Shop for free at Taiwan's food banks

Shop for free at Taiwan's food banks

Mr Lin Wan, 58, went shopping at a supermarket for the first time in a long time just over a week ago.

Pushing a small trolley, he picked up packs of dried noodles, a tin of milk powder, a large bag of oatmeal drink mix, a few packs of tidbits - and walked out without paying a cent. It was Mr Lin's first visit to the Taichung City Food Bank, which opened in August last year as the first facility in Taiwan where the needy can pick up free groceries and toiletries.

Mr Lin, a divorcee and former carpenter, has suffered from kidney problems for the past 15 years and can work only odd jobs.

He has survived on welfare assistance for the past six years. "Very good, very good," Mr Lin nodded when asked about his "shopping" trip at the 330 sq m food bank. Run like a mini supermarket, it has separate sections for various types of supplies, from salt to sanitary pads, and is equipped with donated trolleys and a "checkout" counter manned by volunteers.

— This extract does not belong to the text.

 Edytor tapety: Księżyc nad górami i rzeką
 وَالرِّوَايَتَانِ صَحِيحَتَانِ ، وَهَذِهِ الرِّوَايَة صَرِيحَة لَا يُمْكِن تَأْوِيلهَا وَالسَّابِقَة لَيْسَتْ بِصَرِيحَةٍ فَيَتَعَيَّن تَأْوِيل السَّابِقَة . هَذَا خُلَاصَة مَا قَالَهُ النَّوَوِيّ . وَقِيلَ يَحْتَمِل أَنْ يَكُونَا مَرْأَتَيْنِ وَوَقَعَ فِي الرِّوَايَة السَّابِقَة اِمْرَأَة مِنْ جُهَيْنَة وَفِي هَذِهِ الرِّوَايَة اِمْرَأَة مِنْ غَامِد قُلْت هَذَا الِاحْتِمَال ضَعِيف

Every last Saturday of the month, up to 300 beneficiaries like Mr Lin visit the store on the seventh floor of No.1 Square, an ageing mall about a 10-minute walk from the train station in Taichung, central Taiwan. Here they "buy" supplies using points allocated to them - between 1,000 and 2,000 points based on the size of their households - by the Taichung branch of the Red Cross Society, which runs the food bank in collaboration with the Taichung city government.

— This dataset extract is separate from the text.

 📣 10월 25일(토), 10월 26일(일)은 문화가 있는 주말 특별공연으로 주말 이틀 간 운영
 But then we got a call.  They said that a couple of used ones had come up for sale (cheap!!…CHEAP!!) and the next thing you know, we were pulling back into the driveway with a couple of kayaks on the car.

All items in the store are donated by corporations or the general public and are "priced" in points. A large bottle of cooking oil, for example, costs 160 points.

Canned food is 35 points a piece. "It's a more dignified, humanised way of helping as beneficiaries don't feel so much like they are receiving handouts," said Mr Jeff Chen, director of the Taichung Red Cross, comparing the supermarket concept to the usual practice of sending prepacked supplies to needy households.

Food banks originated in the United States in the 1960s and are now found in Britain, Australia, Europe, and, in recent years, Africa and Asia. A central warehouse usually receives and stores donations of foodstuff, which is then redistributed to welfare organisations, which then pass the supplies to beneficiaries.